Download this tutorial as a Jupyter notebook
Safe Synthesizer 101#
Learn the fundamentals of NeMo Safe Synthesizer by creating your first Safe Synthesizer job using provided defaults. In this tutorial, you’ll upload sample customer data, replace personally identifiable information, fine-tune a model, generate synthetic records, and review the evaluation report.
Prerequisites#
Before you begin, make sure that you have:
Access to a deployment of NeMo Safe Synthesizer (see Getting Started with NeMo Safe Synthesizer)
Python environment with
nemo-platformSDK installedBasic understanding of Python and pandas
An NVIDIA GPU on the host machine (80GB+ VRAM recommended — check with
nvidia-smi)
What You’ll Learn#
By the end of this tutorial, you’ll understand how to:
Upload datasets for processing
Run Safe Synthesizer jobs using the Python SDK
Track job progress and retrieve results
Interpret evaluation reports
Step 1: Install the SDK#
Install the NeMo Platform SDK with Safe Synthesizer support. Run the following command in a terminal (shell):
if command -v uv &> /dev/null; then
uv pip install nemo-platform[safe-synthesizer] kagglehub matplotlib
else
pip install nemo-platform[safe-synthesizer] kagglehub matplotlib
fi
Step 2: Configure the Client#
Set up the client to connect to your Safe Synthesizer deployment:
import os
from nemo_platform import NeMoPlatform
# Configure the client
client = NeMoPlatform(
base_url=os.environ.get("NMP_BASE_URL", "http://localhost:8080"),
workspace="default",
access_token=os.environ.get("NMP_ACCESS_TOKEN"),
)
# set to none by default, update it if you need an hf_token
hf_secret_name = None
print("✅ Client configured successfully")
Step 3: Verify Service Connection#
Test the connection to ensure Safe Synthesizer is accessible:
try:
jobs = client.safe_synthesizer.jobs.list(workspace="default")

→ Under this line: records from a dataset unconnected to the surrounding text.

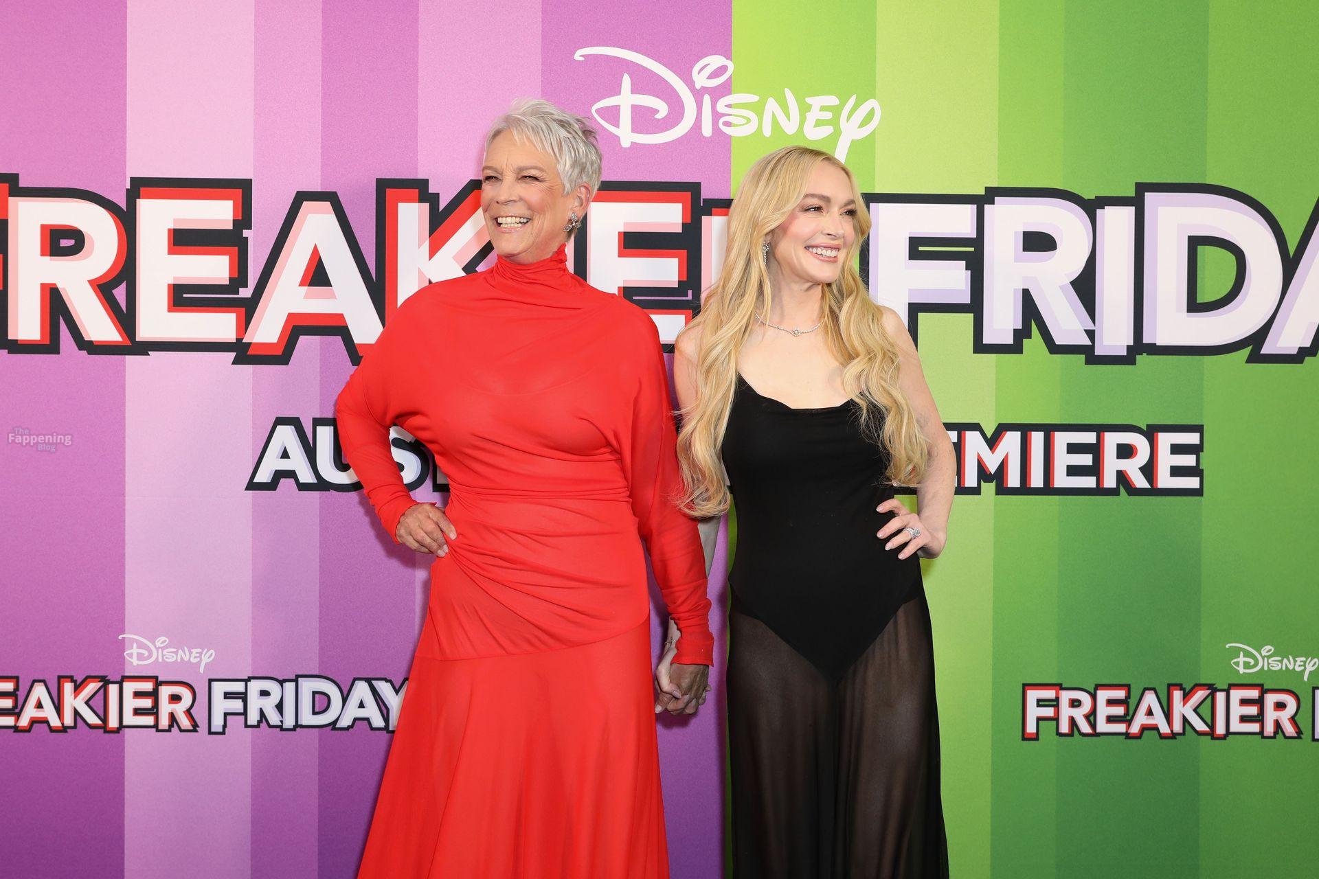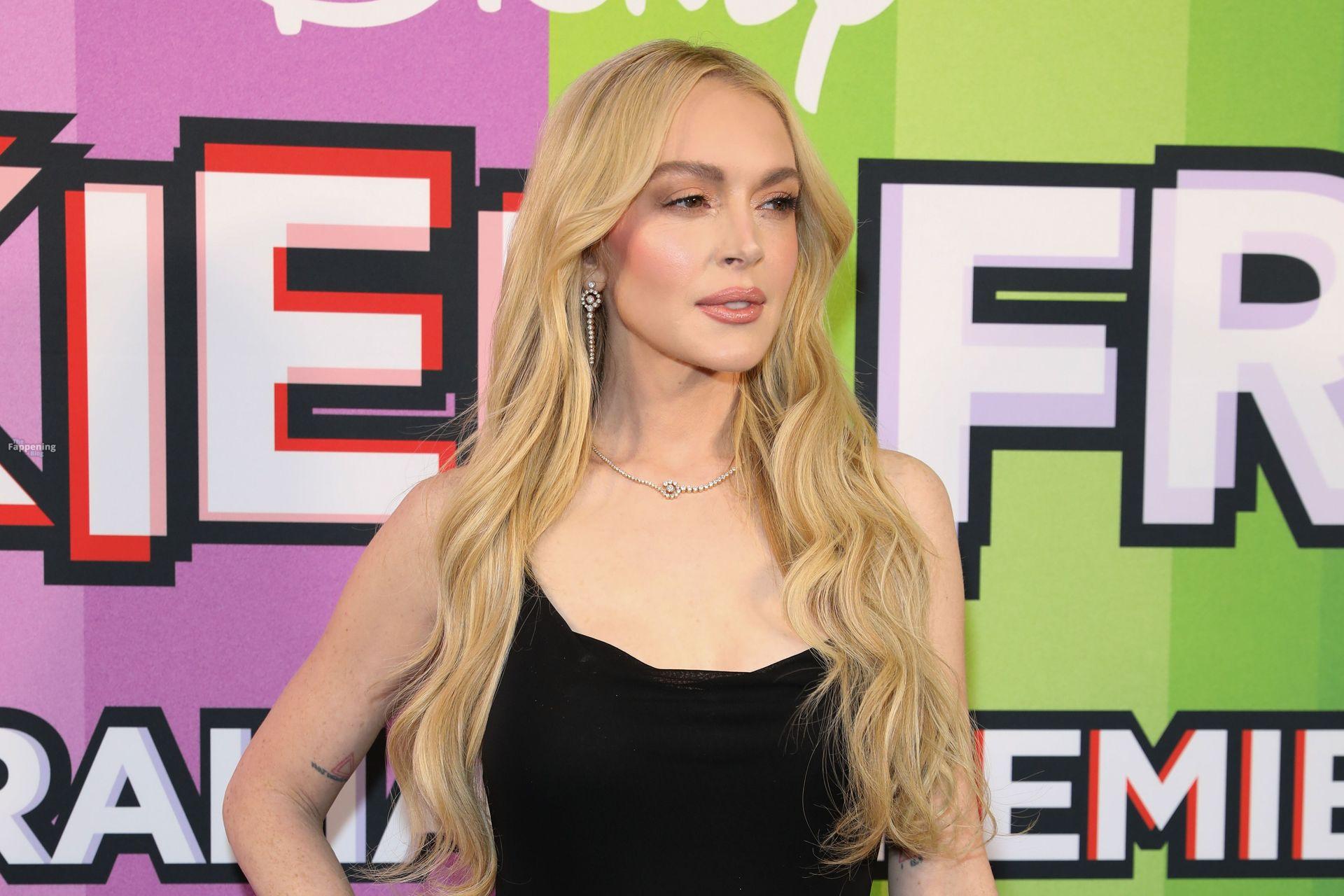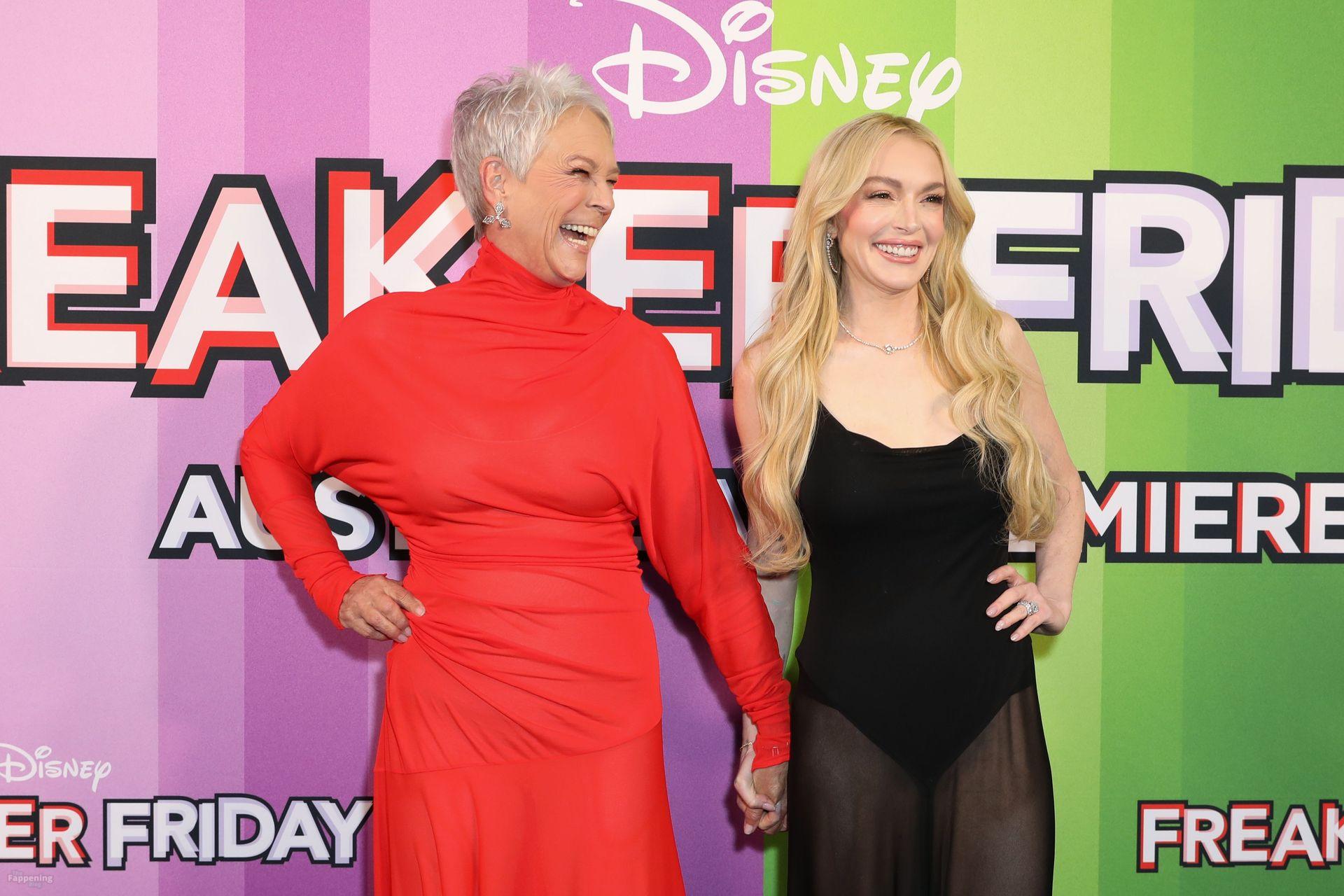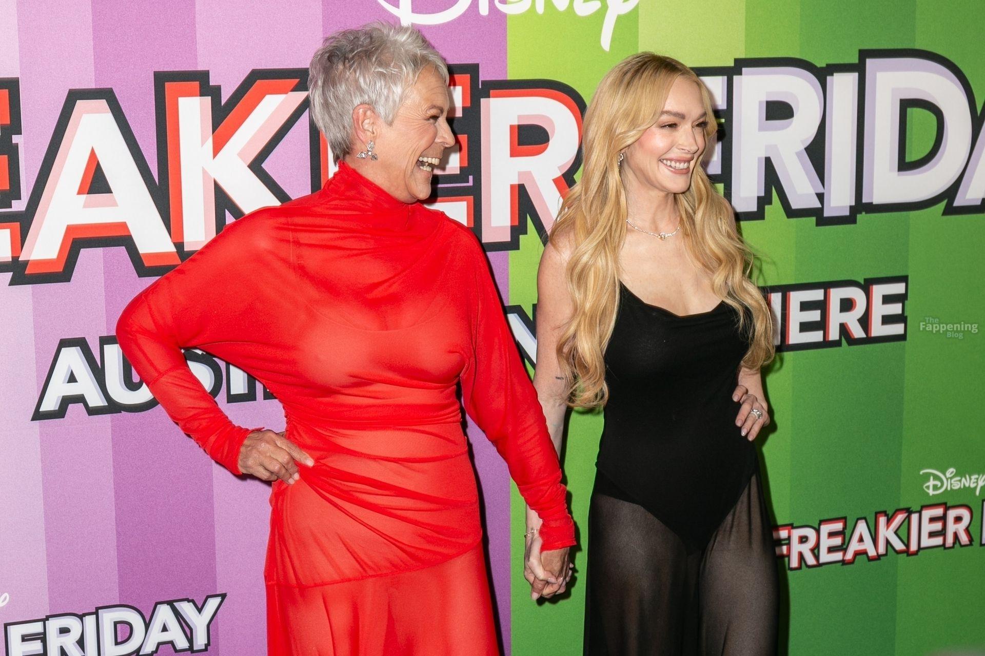 Lindsay Lohan è sexy in un abito nero trasparente alla prima di “Freakier Friday” (149 foto)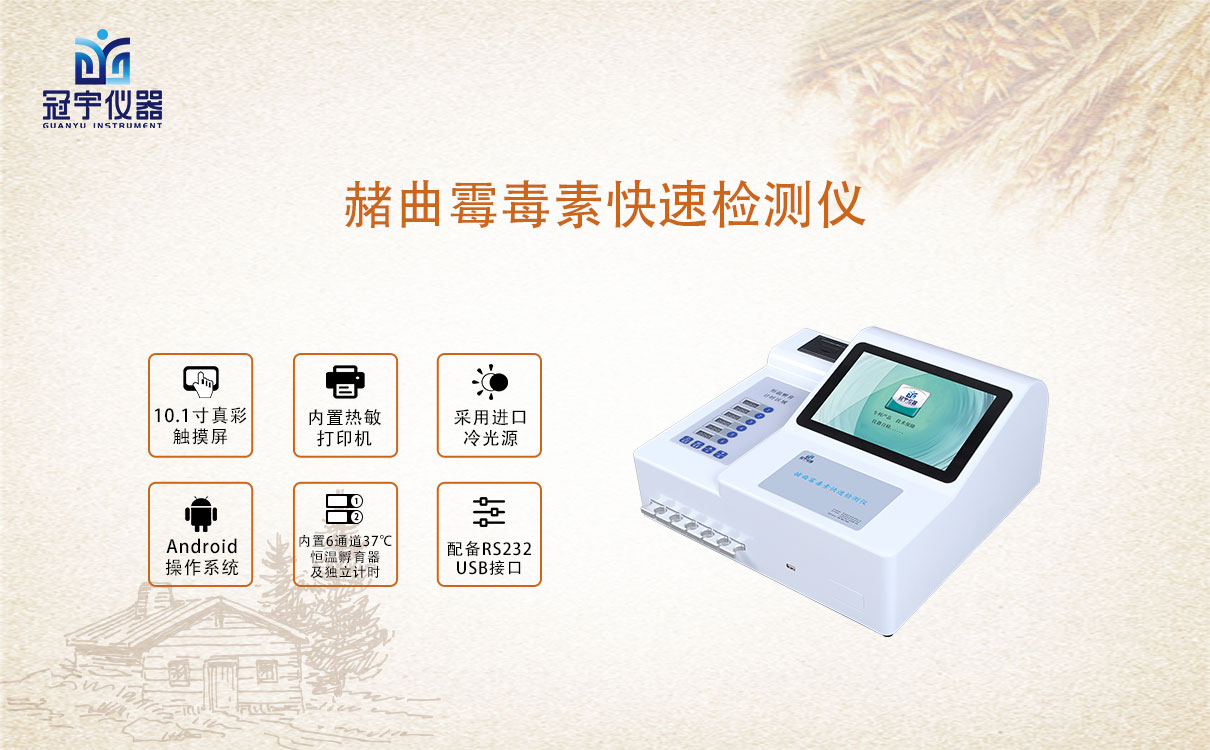 冠宇儀器真菌毒素檢測(cè)儀能夠快速定量檢測(cè)糧食、飼料、谷物、食用油、調(diào)味品等食品中T2毒素、嘔吐毒素、赭曲霉毒素、伏馬毒素、玉米赤霉烯酮,適用于糧油監(jiān)測(cè)中心、糧油飼料生產(chǎn)加工、食品加工貿(mào)易、畜禽養(yǎng)殖戶自查、工商質(zhì)監(jiān)部門用于市場(chǎng)快速篩查等。杜絕赭曲霉毒素超標(biāo)的糧食原料及食品流入市場(chǎng)。造成危害。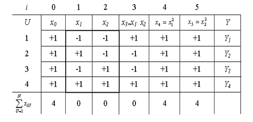 где х0=1, х3=х1х2, х4=х12, х5=х22, b3=b12, b4=b11, b5=b22.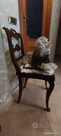 La sedia si vende completa di cuscino fatto su misura e realizzato a mano artigianalmente con ricami realizzati a macchina, passanastro in pizzo macramè e nastro in pelo di lapin marrone. Viene completato da due dolcissimi fiocchi che accompagnano l'eleganza e la forma della sedia. il cuscino nell'angolo presenta una medaglietta col logo di chi lo ha realizzato.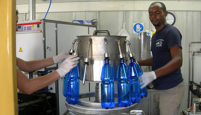 Our WATER TREATMENT PLANTS for potabilisation of water, blowing and forming of PET capsules, filling, tapping and labelling can treat both fresh water and salt water coming from lakes, rivers, sea, wells or marshes and can be easily used by a small staff. 5 people can manage a regular productive cycle but, in conditions of low productivity, only 2 are necessary (*). Water is purified by means of a series of active carbon filters, reverse osmosis process and UV rays that guarantee a perfect sterilisation. WATER TREATMENT PLANTS enables you to produce bottles ranging from 0,5 liters to 10 liters by simply replacing a tool.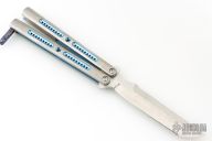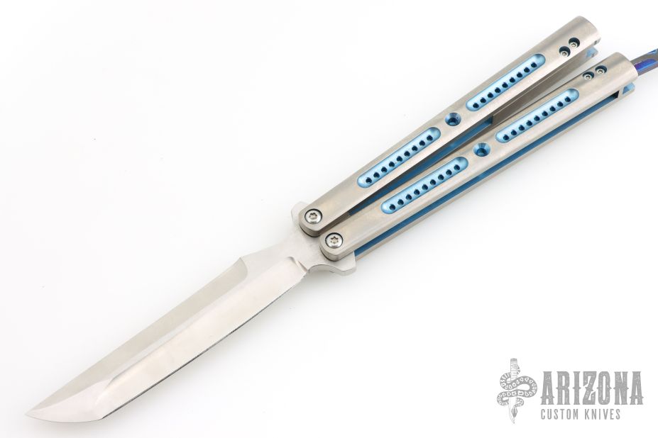 This balisong by Shawn Greacen features a satin finished blade with swedge. The handles are tumble finished titanium with titanium spacers and Zircuti T-latch. Has some light scratches, great overall condition.
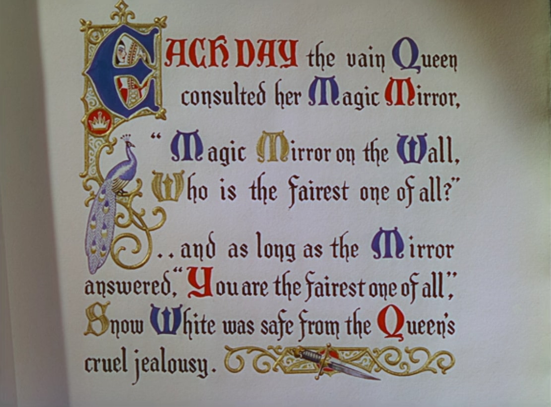 The opening continued, “Each day the vain queen consulted her magic mirror. ‘Magic Mirror on the wall who is the fairest one of all?’ ..and as long as the Mirror answered, ‘You are the fairest one of all,’ Snow White was safe from the queen’s cruel jealousy.”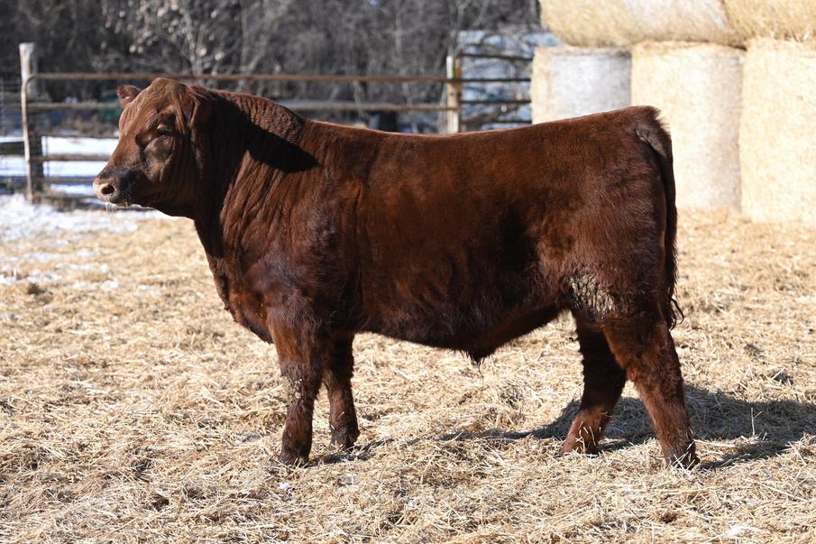 The Victoria cow family continues to raise some of the highest quality calves and this thick, rugged made bull certainly rises to the top. He’s an outlier in the group in terms of dimension and overall thickness and one who doesn't disappoint on paper either. The Maxed Out cattle have had always had a positive influence and consistent quality for us A maternal sister sold for 10,500 and had a show career to live up to winning the MN state fair red angus show as both a bred heifer and cow calf pair. MATERNAL SIB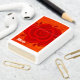 A red rose floral illustration in a painterly impressionistic style with a warm color palette. It is captioned with the word Mom. An easily personalized and fully editable template design.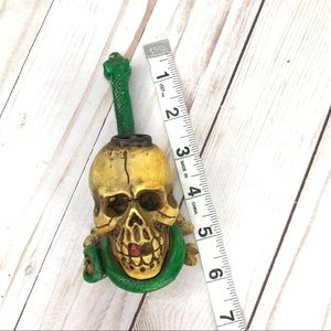 Rare New Vintage Yellow Skull Green Snake Tobacco Smoke Handmade Pipe Gothic Art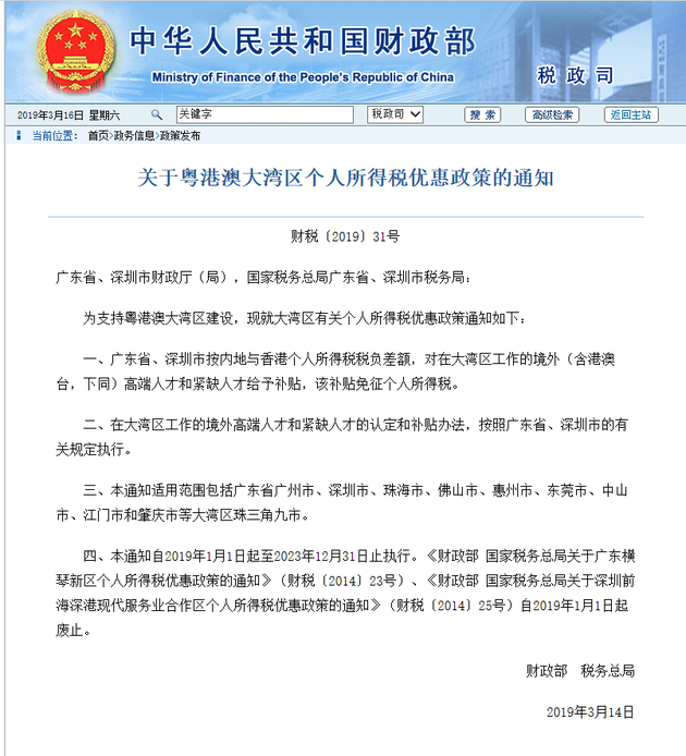 2019年6月,国家出台了《关于粤港澳大湾区个人所得税优惠政策的通知》,里面规定,对在大湾区工作的境外高端人才和紧缺人才,其在珠三角九市缴纳的个人所得税已缴税额超过其按应纳税所得额的15%计算的税额部分,由珠三角九市人民政府给予财政补贴,该补贴免征个人所得税。

print("✅ Successfully connected to Safe Synthesizer service")
print(f"Found {len(jobs.data)} existing jobs")
except Exception as e:
print(f"❌ Cannot connect to service: {e}")
print("Please verify base_url and service status")
Step 4: Load Sample Dataset#
For this tutorial, we’ll use a women’s clothing reviews dataset from Kaggle that contains some PII:
import pandas as pd
import kagglehub
# Download the dataset
path = kagglehub.dataset_download("nicapotato/womens-ecommerce-clothing-reviews")
df = pd.read_csv(f"{path}/Womens Clothing E-Commerce Reviews.csv", index_col=0)
print(f"✅ Loaded dataset with {len(df)} records")
print("\nDataset preview:")
print(df.head())
Dataset details:
Contains customer reviews of women’s clothing
Includes age, product category, rating, and review text
Some reviews contain PII like height, weight, age, and location
Step 5: Configure Column Classification#
Before running jobs, set up column classification for accurate PII detection.
Tip
Column classification uses an LLM to automatically detect column types and improve PII detection accuracy. Without this setup, you may see classification errors and reduced detection quality.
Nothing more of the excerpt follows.